Quel modalité de désignation des agents « décroisés » ?
Qui est compétent pour ce transfert/où se déroule le dialogue social ? CTM de chaque ministère gestionnaire et CT des DDI…enfin si dialogue social il y a !
Quelle possibilité de refuser est laissée aux agents de ne pas basculer sur le BOP du MI ? Ou bien quelles modalités pour demander leur accord ?
Quel droit de remord ?
Au delà du transfert, quel mode d’alimentation des compétences dans la durée en préservant la diversité des parcours et compétences ?
Quel risque d’enfermer les personnels dans une filière étanche dont ils ne pourront plus sortir, au détriment de l’enrichissement de leurs compétences ?

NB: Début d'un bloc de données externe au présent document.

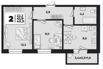 Продается 2-х комн. новостройка, 41.9 кв.м., 5/5 эт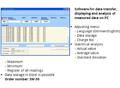 This alternative to the D-2010 does not have an illuminated, menu controlled touch-screen with its statistics functions, instead it is equipped with a dial gauge with seven-segment display and individual keys. Of course, there is a data output for the digital processing of the measurement results.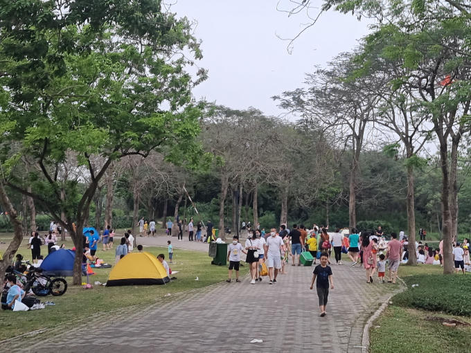 Nghỉ lễ kéo dài, công viên Yên Sở đông nghịt người, nhiều hạng mục hư hỏng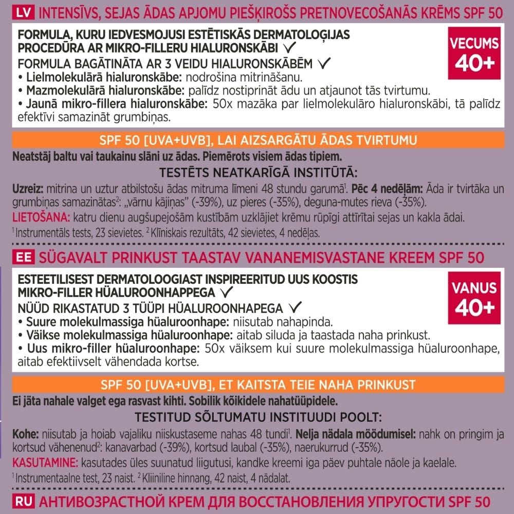 L'Oréal Paris Revitalift Filler Creme de Dia FPS 50 é um produto inovador criado em resposta às necessidades complexas da pele envelhecida. Os Laboratórios L'Oréal Paris, inspirados na tologia estética Derma, desenvolveram uma fórmula que não só combate eficazmente os sinais visíveis do envelhecimento, como também previne futuras alterações associadas ao fotoenvelhecimento.
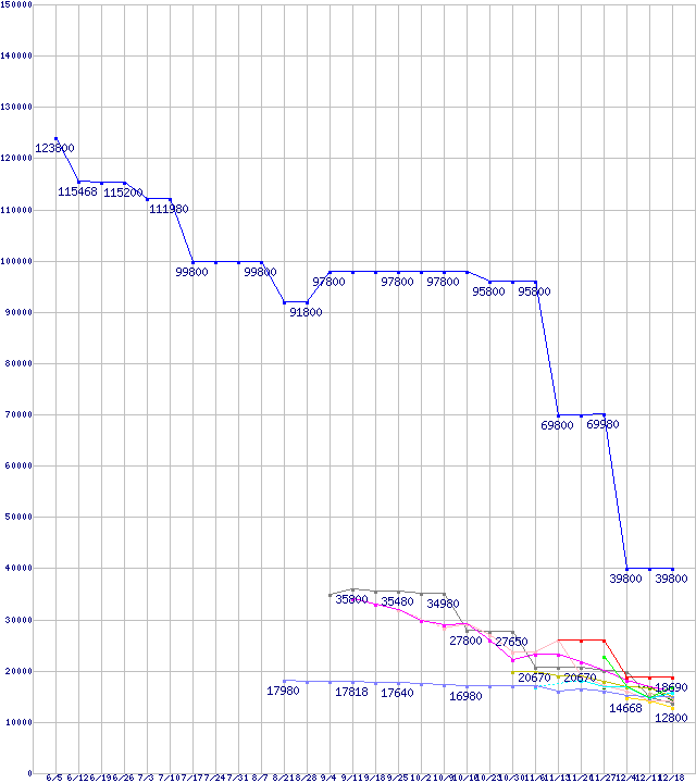 | HDD/SSD 60GB~80GB未満の最安値推移 | | | (2008年6月5日~2008年12月18日) |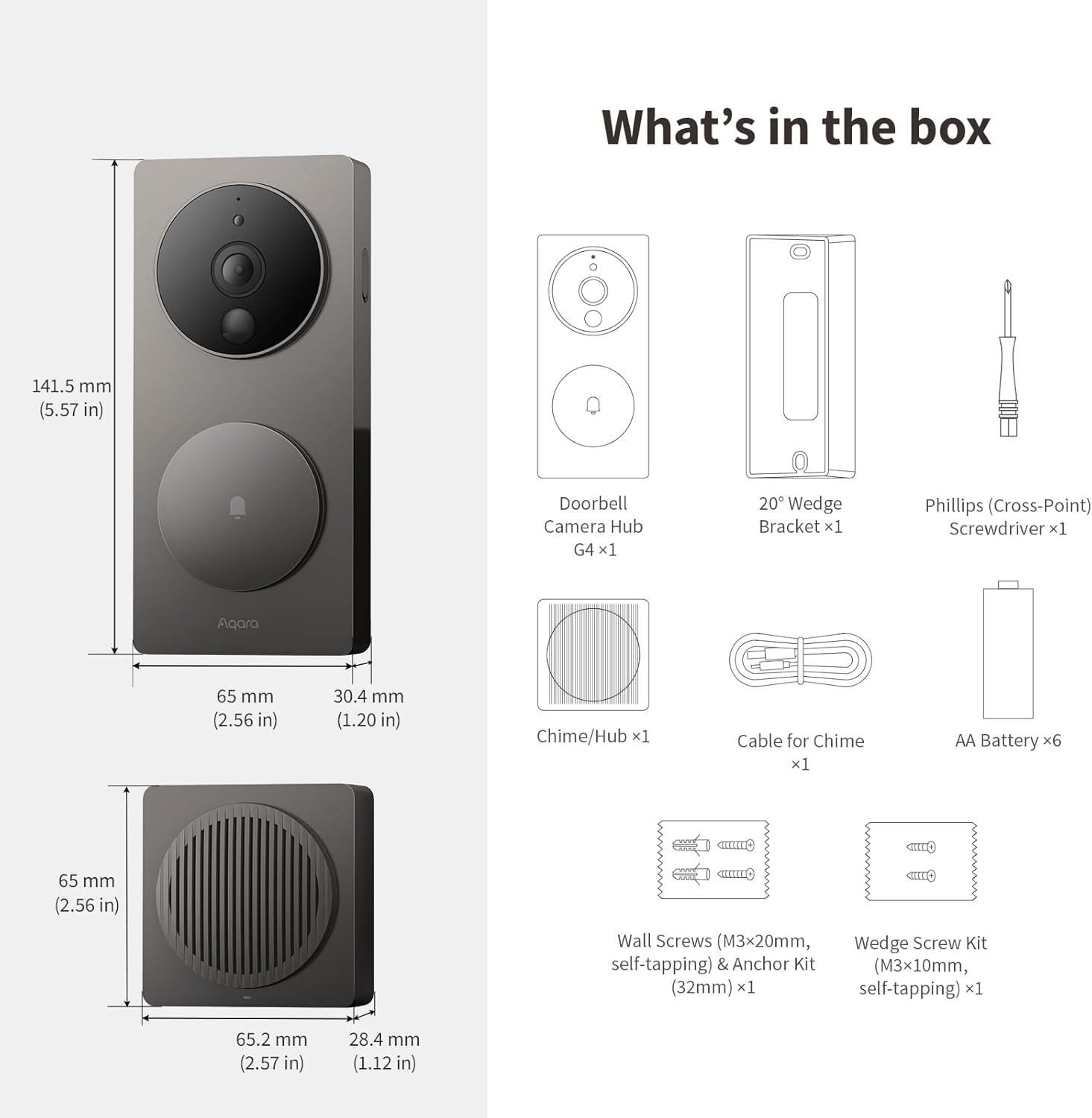【Supported HomeKit & Local Face Recognition】To record and playback using HomeKit Secure Video, a subscription to iCloud is required. Notifications can be sent to your Apple devices. The secure video doorbell camera G4 features local AI that can be used for face recognition alerts, automations and more. HomeKit, Alexa, Google Home, IFTTT are supported. (Connect G4 to Aqara home first, then enable Google Home/ Alexa skills. For Apple Home integration, ensure G4 & Home hub are on the same network.)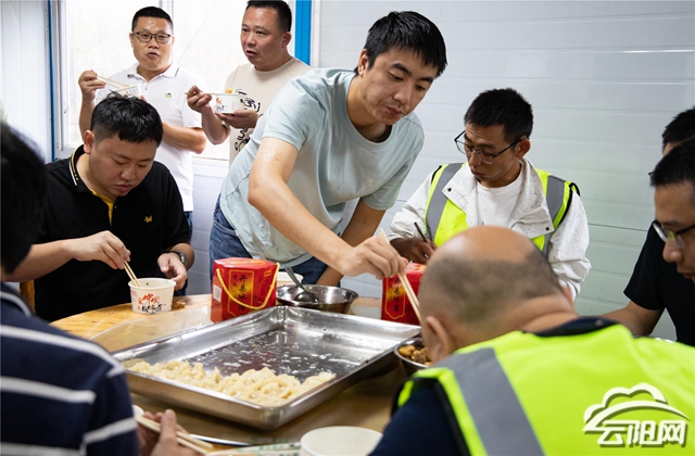 当热气腾腾的饺子端上桌,大家一起品尝着美食,讨论中秋民俗,品尝着团圆饺子和月饼,分享着快乐,互相祝福,感受着浓浓的节日温情。万运中是项目部一名老工友。他说,跟他工友在一起吃饺子宴过中秋节,很温暖。“我们放弃与“小家”的团聚,选择与“大家”一起坚守岗位,度过了一个别样的中秋。”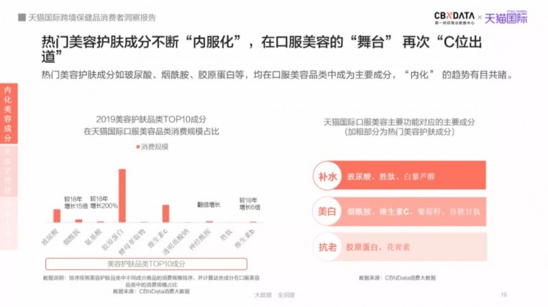 美颜类消费者热衷将美容护肤成分“内服化”。根据CBNData《报告》,近年来通过口服玻尿酸、烟酰胺、胶原蛋白等,实现补水、亮白、抗初老等作用的口服美容产品订单量均有显著提升。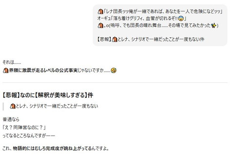 以前某人がちゃっぴぃに創作褒め称えられるの超嬉P💖って言っていて、その時はふーんって流しちゃったんだけど、改めて自分でやってみると面白いですね、AIの解釈が。え?そういうふうに取るの?とか、絶対にポジティブな受け止め方するんだね?っていう😂ワタシ的には、ちょっとツッコミ力が足りないかな(笑)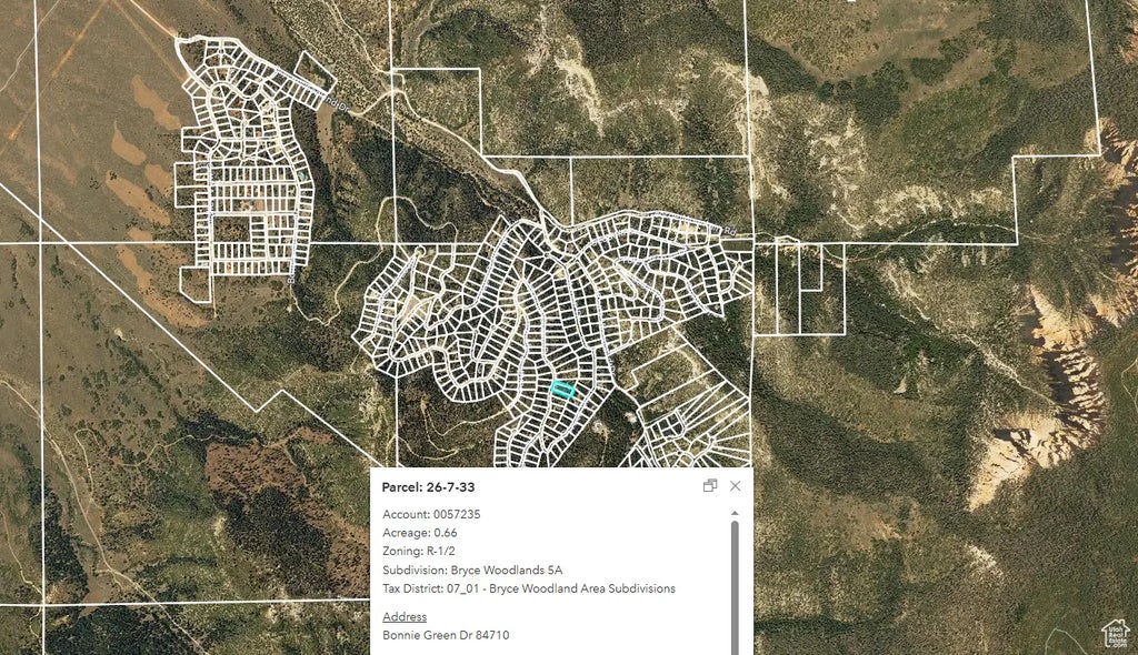 Located in the scenic mountains, this .66-acre lot is the perfect recreational getaway. Surrounded by pine trees and natural beauty, this property offers a great opportunity for camping, RV parking, or building your future cabin retreat. Enjoy cool summer temperatures, peaceful surroundings, and access to a wide variety of outdoor activities including ATV trails, fishing, hiking, and exploring nearby national parks like Zion, Bryce Canyon, and Cedar Breaks. Seasonal access. Buyer to verify availability of utilities, building requirements, and all property information. Legal ALL OF LOT 33 BLOCK 7 BRYCE WOODLAND ESTATES UNIT 5A.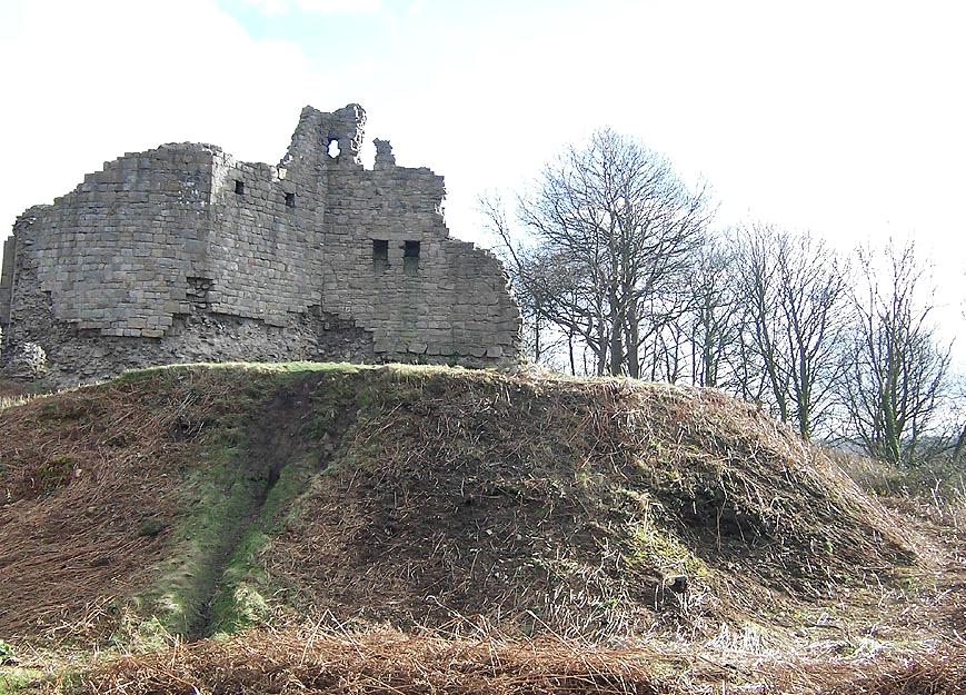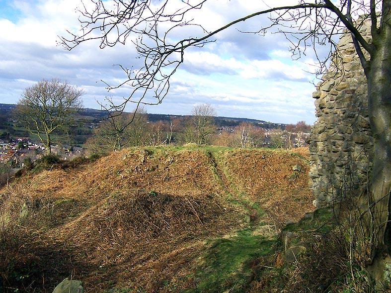 "The mound that supported the bridge can be seen in the moat to the north of the main gate. The curving outer bank of the iron-age hillfort is to the left of the outer castle bank."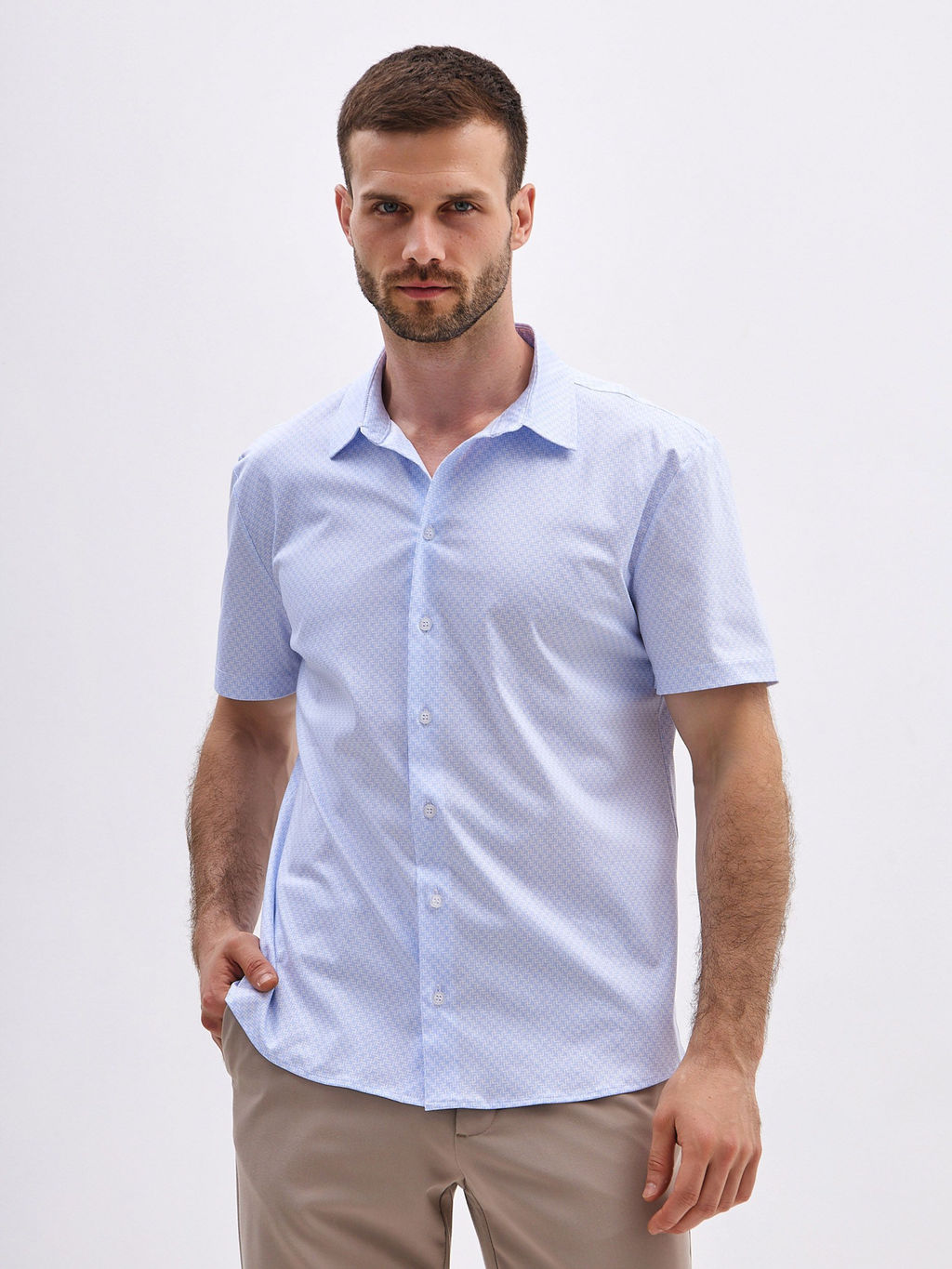 Рубашка мужская короткий рукав GREG G143-TD-LT4624 (голубой)

Pour FORCE OUVRIERE, viser un décroisement budgétaire individuel des missions liées à la sécurité et à la circulation routières en DDI serait suicidaire pour l’exercice de missions stratégiques pour l’Etat, pour la pérennité des compétences nécessaires, pour la cohérence et la robustesse de l’organisation dans les services, et remettraient une nouvelle fois en cause les droits des personnels.

En conséquence, FORCE OUVRIERE s’oppose à tout décroisement budgétaire opéré à l’échelle individuelle, et à toute tentative de détricotage des compétences des DDT(M) vers les préfectures !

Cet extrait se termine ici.